__AIM OF THE EXERCISE__.
Write out the listing from the line with "Všichni jsou typické" to the line with "Deze krachtige en", both lines included, exactly and nothing beyond. Leave pictures out.

STUDY MATERIAL Block Start

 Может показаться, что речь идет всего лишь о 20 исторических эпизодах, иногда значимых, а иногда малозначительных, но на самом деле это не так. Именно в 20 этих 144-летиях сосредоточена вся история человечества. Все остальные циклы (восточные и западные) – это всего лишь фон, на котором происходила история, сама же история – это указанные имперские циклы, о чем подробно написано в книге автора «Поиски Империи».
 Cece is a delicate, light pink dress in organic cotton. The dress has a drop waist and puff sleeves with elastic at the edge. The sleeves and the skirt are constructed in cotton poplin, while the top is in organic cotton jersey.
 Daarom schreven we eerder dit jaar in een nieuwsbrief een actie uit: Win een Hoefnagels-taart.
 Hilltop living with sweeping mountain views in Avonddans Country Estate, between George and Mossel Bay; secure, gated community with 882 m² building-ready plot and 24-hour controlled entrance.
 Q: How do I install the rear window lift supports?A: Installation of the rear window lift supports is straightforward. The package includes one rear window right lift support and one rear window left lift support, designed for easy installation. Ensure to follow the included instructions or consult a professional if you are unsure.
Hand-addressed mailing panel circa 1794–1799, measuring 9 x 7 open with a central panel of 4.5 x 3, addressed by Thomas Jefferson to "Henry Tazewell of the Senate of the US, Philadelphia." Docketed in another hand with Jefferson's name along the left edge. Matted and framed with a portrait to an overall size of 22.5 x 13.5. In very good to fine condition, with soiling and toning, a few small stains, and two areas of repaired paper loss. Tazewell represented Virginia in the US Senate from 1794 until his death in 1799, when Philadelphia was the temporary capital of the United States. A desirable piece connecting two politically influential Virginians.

STUDY MATERIAL Block End
STUDY MATERIAL Block Start

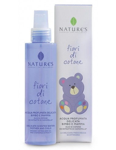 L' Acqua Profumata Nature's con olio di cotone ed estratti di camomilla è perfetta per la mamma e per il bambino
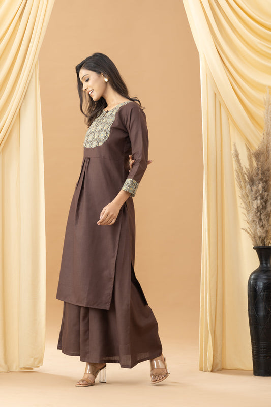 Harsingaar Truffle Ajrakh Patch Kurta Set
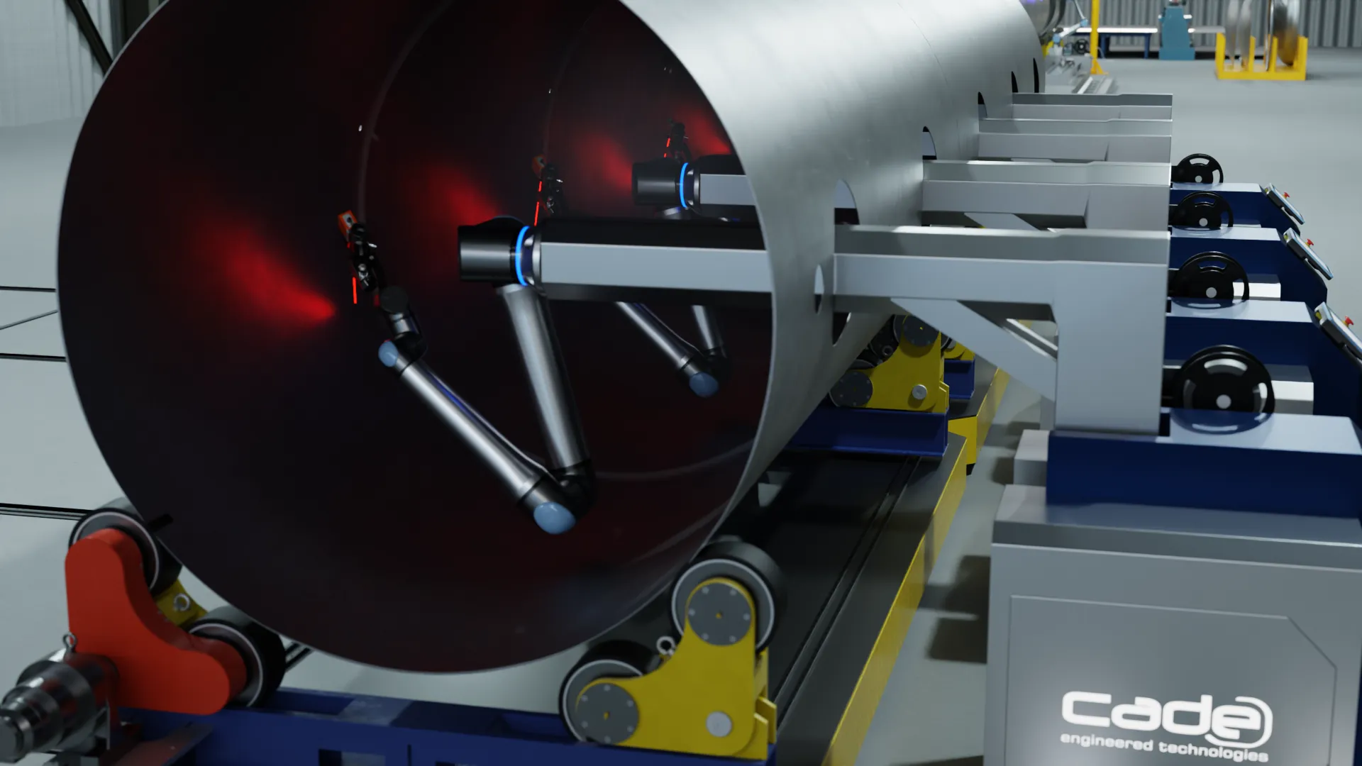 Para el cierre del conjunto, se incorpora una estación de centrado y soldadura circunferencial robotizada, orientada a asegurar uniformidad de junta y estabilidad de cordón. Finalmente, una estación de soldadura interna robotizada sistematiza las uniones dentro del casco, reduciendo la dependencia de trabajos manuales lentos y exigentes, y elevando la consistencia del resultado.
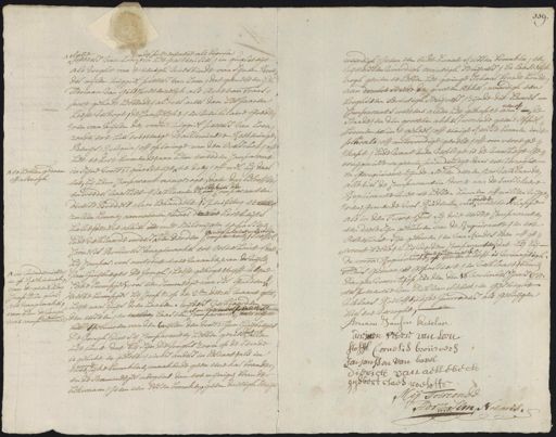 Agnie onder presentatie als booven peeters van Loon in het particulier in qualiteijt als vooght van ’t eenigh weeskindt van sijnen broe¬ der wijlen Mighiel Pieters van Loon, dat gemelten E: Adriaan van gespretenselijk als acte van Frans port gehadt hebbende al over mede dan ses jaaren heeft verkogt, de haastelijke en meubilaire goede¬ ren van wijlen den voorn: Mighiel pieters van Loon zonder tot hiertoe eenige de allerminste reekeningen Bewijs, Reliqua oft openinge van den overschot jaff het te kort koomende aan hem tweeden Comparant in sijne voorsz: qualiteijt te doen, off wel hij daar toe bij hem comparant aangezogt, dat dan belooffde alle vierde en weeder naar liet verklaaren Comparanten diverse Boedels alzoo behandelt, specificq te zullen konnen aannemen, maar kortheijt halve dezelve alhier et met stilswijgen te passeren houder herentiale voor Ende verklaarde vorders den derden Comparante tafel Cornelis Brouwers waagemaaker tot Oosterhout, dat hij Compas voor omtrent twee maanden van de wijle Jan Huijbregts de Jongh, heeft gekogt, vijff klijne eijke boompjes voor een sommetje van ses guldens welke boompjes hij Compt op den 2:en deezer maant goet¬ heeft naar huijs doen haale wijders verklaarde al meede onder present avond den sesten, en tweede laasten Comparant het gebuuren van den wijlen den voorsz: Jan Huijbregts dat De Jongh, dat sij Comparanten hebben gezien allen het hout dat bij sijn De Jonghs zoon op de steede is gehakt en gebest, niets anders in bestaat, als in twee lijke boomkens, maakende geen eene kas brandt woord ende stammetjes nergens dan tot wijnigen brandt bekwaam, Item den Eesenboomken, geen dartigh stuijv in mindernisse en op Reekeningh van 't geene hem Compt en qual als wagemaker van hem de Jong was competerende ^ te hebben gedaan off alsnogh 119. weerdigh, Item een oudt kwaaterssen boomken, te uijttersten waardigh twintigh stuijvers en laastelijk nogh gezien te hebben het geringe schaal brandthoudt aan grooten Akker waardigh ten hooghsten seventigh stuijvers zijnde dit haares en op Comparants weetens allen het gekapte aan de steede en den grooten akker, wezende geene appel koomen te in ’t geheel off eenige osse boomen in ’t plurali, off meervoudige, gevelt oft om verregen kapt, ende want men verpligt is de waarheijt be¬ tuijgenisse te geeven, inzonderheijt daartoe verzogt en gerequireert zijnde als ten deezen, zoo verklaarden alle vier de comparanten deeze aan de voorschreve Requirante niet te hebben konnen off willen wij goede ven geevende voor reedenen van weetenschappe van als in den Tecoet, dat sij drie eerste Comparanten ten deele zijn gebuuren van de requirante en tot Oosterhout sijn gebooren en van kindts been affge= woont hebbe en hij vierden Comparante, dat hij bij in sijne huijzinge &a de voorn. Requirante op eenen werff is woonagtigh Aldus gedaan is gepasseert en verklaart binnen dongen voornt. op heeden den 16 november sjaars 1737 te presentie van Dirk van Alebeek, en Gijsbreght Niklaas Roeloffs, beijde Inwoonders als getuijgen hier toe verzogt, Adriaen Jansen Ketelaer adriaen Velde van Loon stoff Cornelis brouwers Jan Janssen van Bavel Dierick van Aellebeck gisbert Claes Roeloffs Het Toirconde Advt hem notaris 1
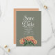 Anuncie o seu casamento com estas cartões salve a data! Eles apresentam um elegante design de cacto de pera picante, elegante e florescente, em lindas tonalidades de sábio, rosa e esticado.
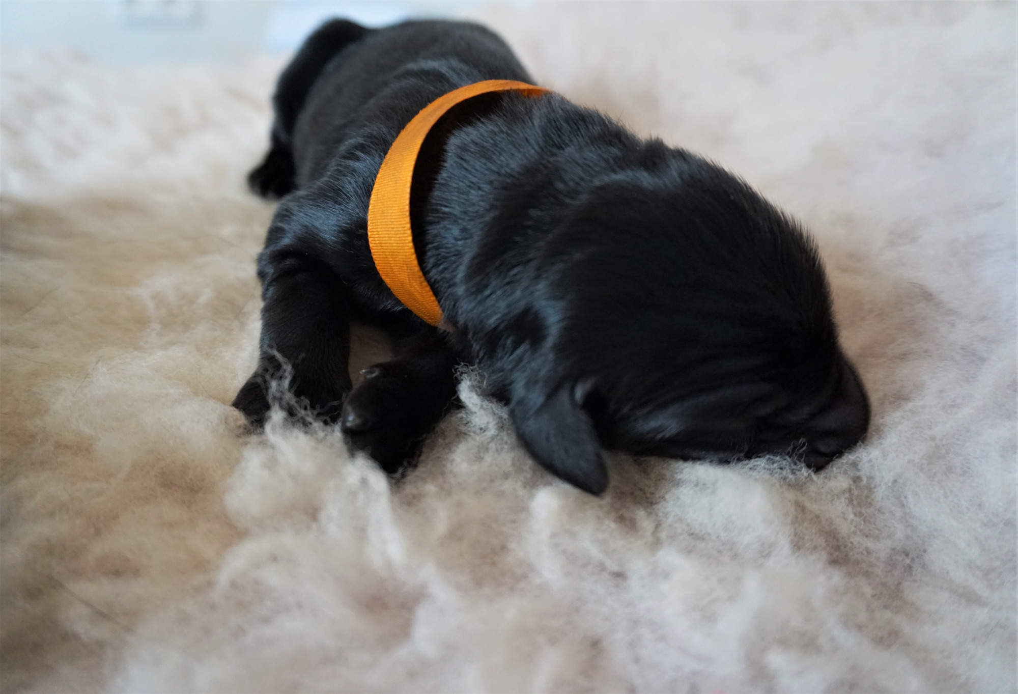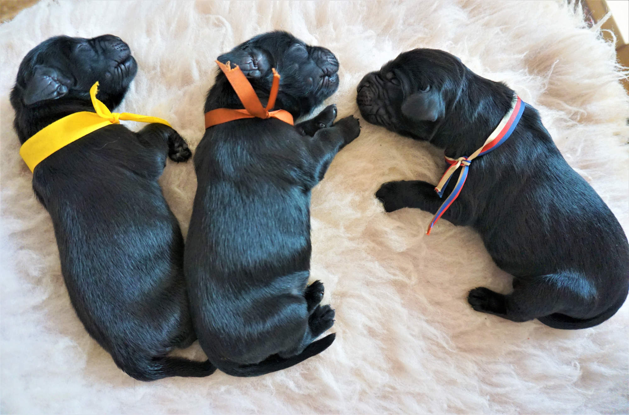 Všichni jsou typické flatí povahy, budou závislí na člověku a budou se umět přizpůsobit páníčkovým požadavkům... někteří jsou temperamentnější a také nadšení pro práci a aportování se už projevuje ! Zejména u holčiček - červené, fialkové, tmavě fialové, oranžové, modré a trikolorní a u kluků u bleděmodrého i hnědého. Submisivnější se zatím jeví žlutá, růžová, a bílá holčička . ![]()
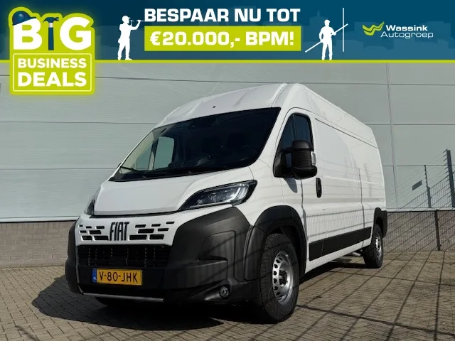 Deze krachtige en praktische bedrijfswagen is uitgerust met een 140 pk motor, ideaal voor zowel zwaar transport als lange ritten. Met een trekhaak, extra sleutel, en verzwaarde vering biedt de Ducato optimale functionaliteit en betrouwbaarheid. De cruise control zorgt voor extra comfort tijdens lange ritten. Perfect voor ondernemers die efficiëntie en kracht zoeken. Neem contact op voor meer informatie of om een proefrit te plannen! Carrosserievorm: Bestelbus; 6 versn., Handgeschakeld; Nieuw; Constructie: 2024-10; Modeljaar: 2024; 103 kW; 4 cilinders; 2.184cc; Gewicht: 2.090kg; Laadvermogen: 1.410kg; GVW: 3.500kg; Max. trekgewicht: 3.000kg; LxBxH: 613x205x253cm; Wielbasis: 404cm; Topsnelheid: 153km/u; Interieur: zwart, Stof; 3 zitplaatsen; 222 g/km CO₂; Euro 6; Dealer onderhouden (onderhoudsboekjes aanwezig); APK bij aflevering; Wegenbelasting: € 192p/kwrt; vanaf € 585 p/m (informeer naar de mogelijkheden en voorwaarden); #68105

STUDY MATERIAL Block End

__SOLVED PROBLEM__.
 Všichni jsou typické flatí povahy, budou závislí na člověku a budou se umět přizpůsobit páníčkovým požadavkům... někteří jsou temperamentnější a také nadšení pro práci a aportování se už projevuje ! Zejména u holčiček - červené, fialkové, tmavě fialové, oranžové, modré a trikolorní a u kluků u bleděmodrého i hnědého. Submisivnější se zatím jeví žlutá, růžová, a bílá holčička . ![]()
 Deze krachtige en praktische bedrijfswagen is uitgerust met een 140 pk motor, ideaal voor zowel zwaar transport als lange ritten. Met een trekhaak, extra sleutel, en verzwaarde vering biedt de Ducato optimale functionaliteit en betrouwbaarheid. De cruise control zorgt voor extra comfort tijdens lange ritten. Perfect voor ondernemers die efficiëntie en kracht zoeken. Neem contact op voor meer informatie of om een proefrit te plannen! Carrosserievorm: Bestelbus; 6 versn., Handgeschakeld; Nieuw; Constructie: 2024-10; Modeljaar: 2024; 103 kW; 4 cilinders; 2.184cc; Gewicht: 2.090kg; Laadvermogen: 1.410kg; GVW: 3.500kg; Max. trekgewicht: 3.000kg; LxBxH: 613x205x253cm; Wielbasis: 404cm; Topsnelheid: 153km/u; Interieur: zwart, Stof; 3 zitplaatsen; 222 g/km CO₂; Euro 6; Dealer onderhouden (onderhoudsboekjes aanwezig); APK bij aflevering; Wegenbelasting: € 192p/kwrt; vanaf € 585 p/m (informeer naar de mogelijkheden en voorwaarden); #68105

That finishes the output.